Lebanon, with a population of just four million, has seen its already limited resources stretched to the limit by the influx of refugees.

UNICEF said a study conducted last October and November showed some 2,000 children “are at risk of dying and need immediate treatment to survive.”

The agency said it had begun treating several hundred of those in worst need.

It said the most affected regions were in northern and eastern Lebanon, where the cases of “severe acute malnutrition” doubled between 2012 and 2013.

The report warned that new arrivals and rising food prices could cause the situation to “deteriorate rapidly.”

Zeroual Azzedine, UNICEF’s chief of health and nutrition, said under-fives were the most vulnerable to malnutrition, particularly those living in harsh conditions in camps.

“The child who suffers malnutrition has no appetite, he does not want to eat… because malnutrition hits the brain first,” he said.

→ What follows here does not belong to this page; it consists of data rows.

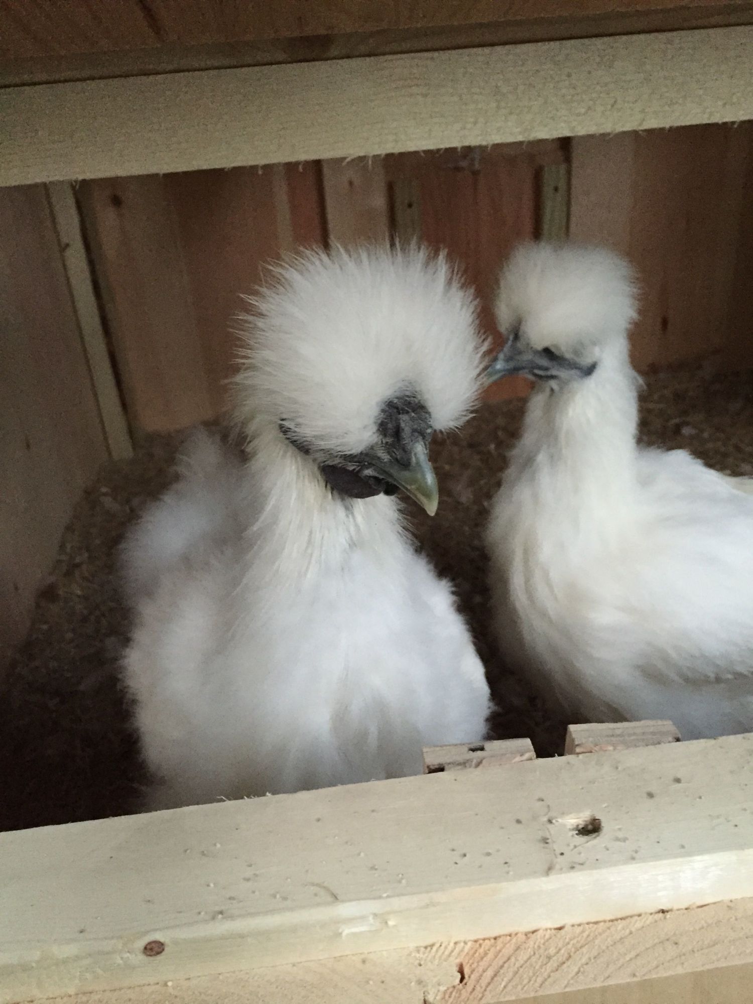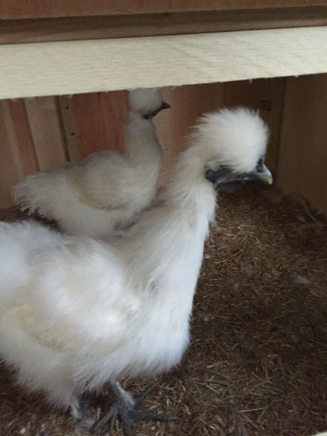 Ok, I know that Silkies are very hard to determine the sex, but I am seriously convinced I have a male! I got these 2 silkies when they were 2 weeks old and now they are about 13 weeks. Porkchop, (whom I believe is male) is much larger and has a very visible comb, waddles, and acts way different from all of my females. I realize that this does not make it a male but I was just looking for opinions :)
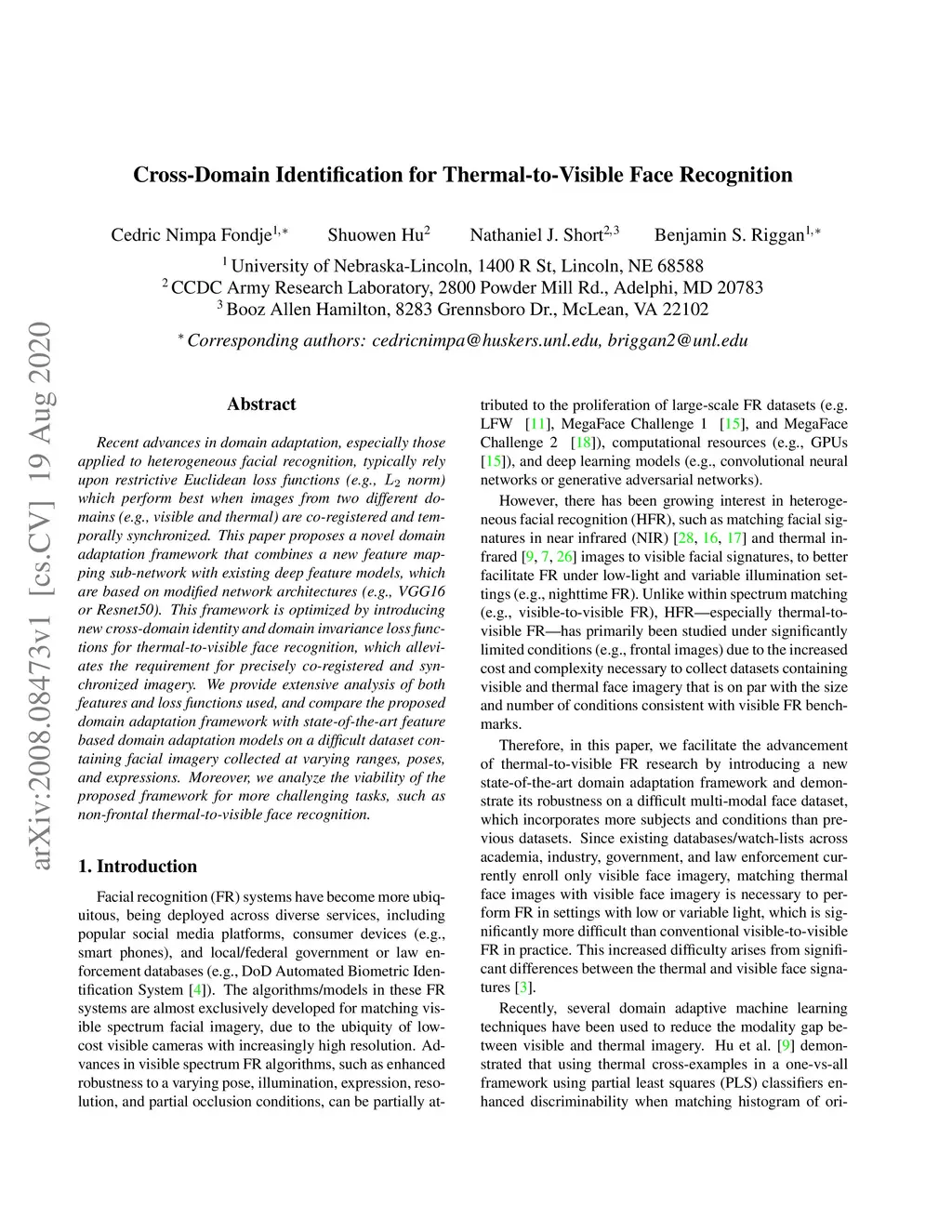 Cross-Domain Identification for Thermal-to-Visible Face Recognition
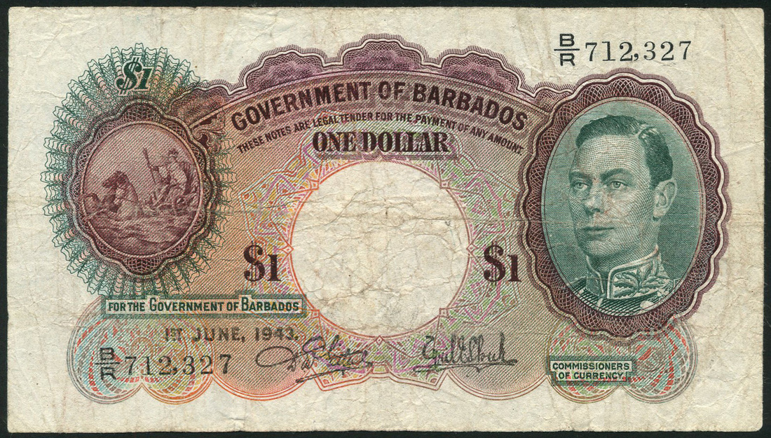 (x) Government of Barbados, $1, 1 June 1943, serial number B/R 712,327, brown and green on multicolour, portrait King George VI at left, seahorses pulling Neptune in ornate circular panel at right, reverse, brown, blue and orange, value at left and right in elaborate panel

“Even if the child is smiling, playing, the malnutrition hits silently, hits the brain.”

He said the situation would become an emergency if the malnutrition rate among children hits 15 percent.

The current rate is six percent, but that represents the “real beginning of the crisis,” he told Agence France Presse.

The UNICEF report recommends that Lebanon’s health ministry and aid and NGO workers cooperate to monitor the situation and treat cases as they are detected.

It urges both screening of children and women and raising awareness of appropriate feeding practices for infants and young children.